#### Exercise directions
Nothing should appear in the answer except the lines below from the line containing "контактов и компаний" through the line containing "아래 처럼 Nvme 드라이버", copied exactly, with pictures left out.

#### Dataset extract

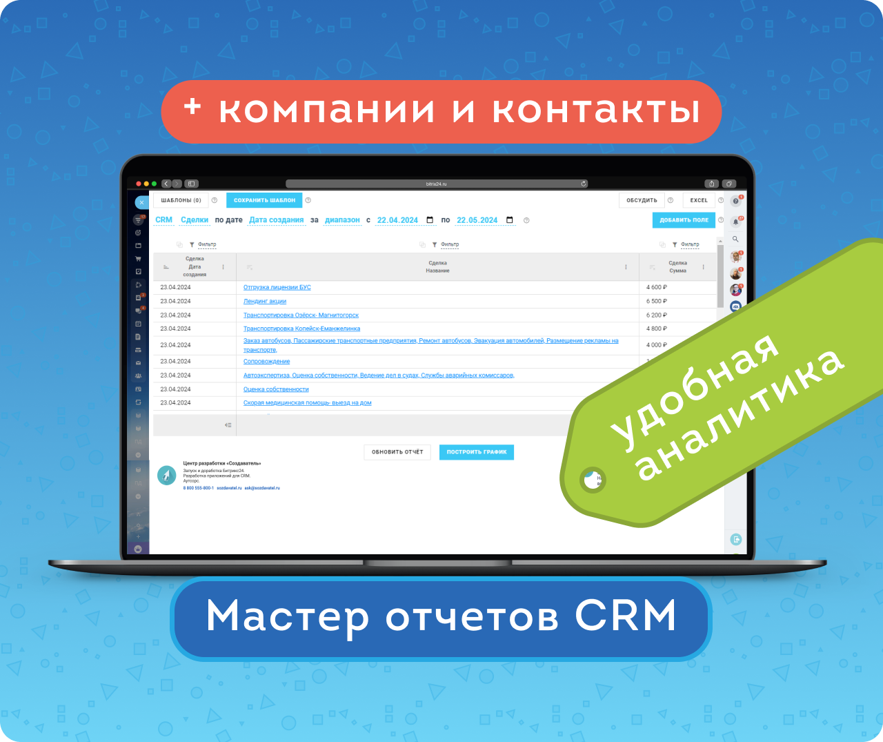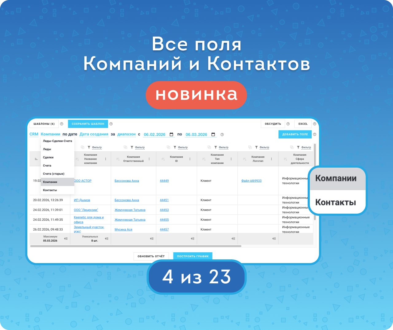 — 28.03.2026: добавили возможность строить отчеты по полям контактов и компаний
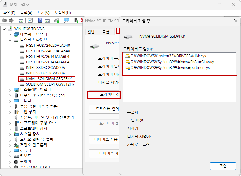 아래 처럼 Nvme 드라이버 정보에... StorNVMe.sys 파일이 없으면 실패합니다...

--

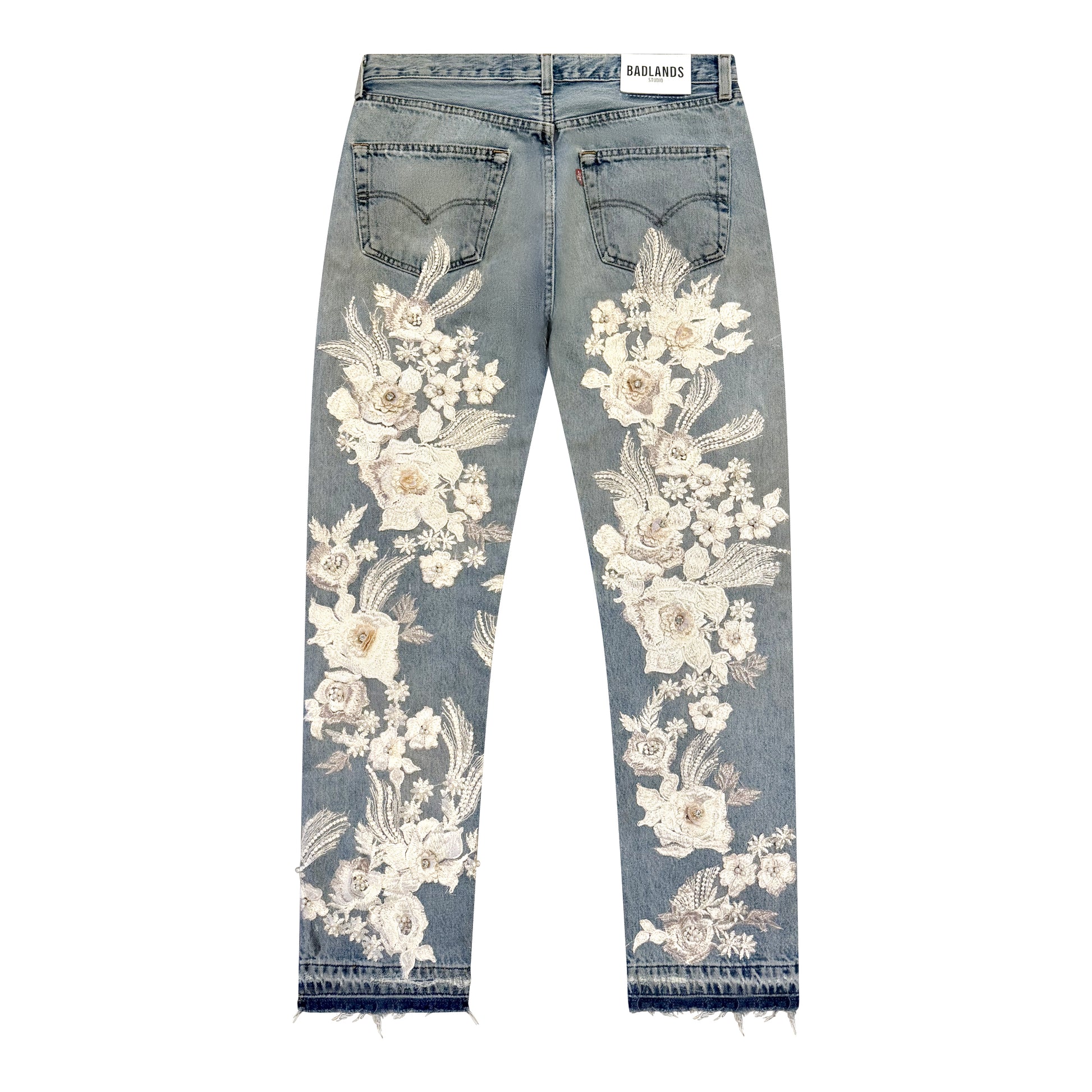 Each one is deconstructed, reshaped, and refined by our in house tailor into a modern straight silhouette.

#### Exercise solution
 — 28.03.2026: добавили возможность строить отчеты по полям контактов и компаний
 아래 처럼 Nvme 드라이버 정보에... StorNVMe.sys 파일이 없으면 실패합니다...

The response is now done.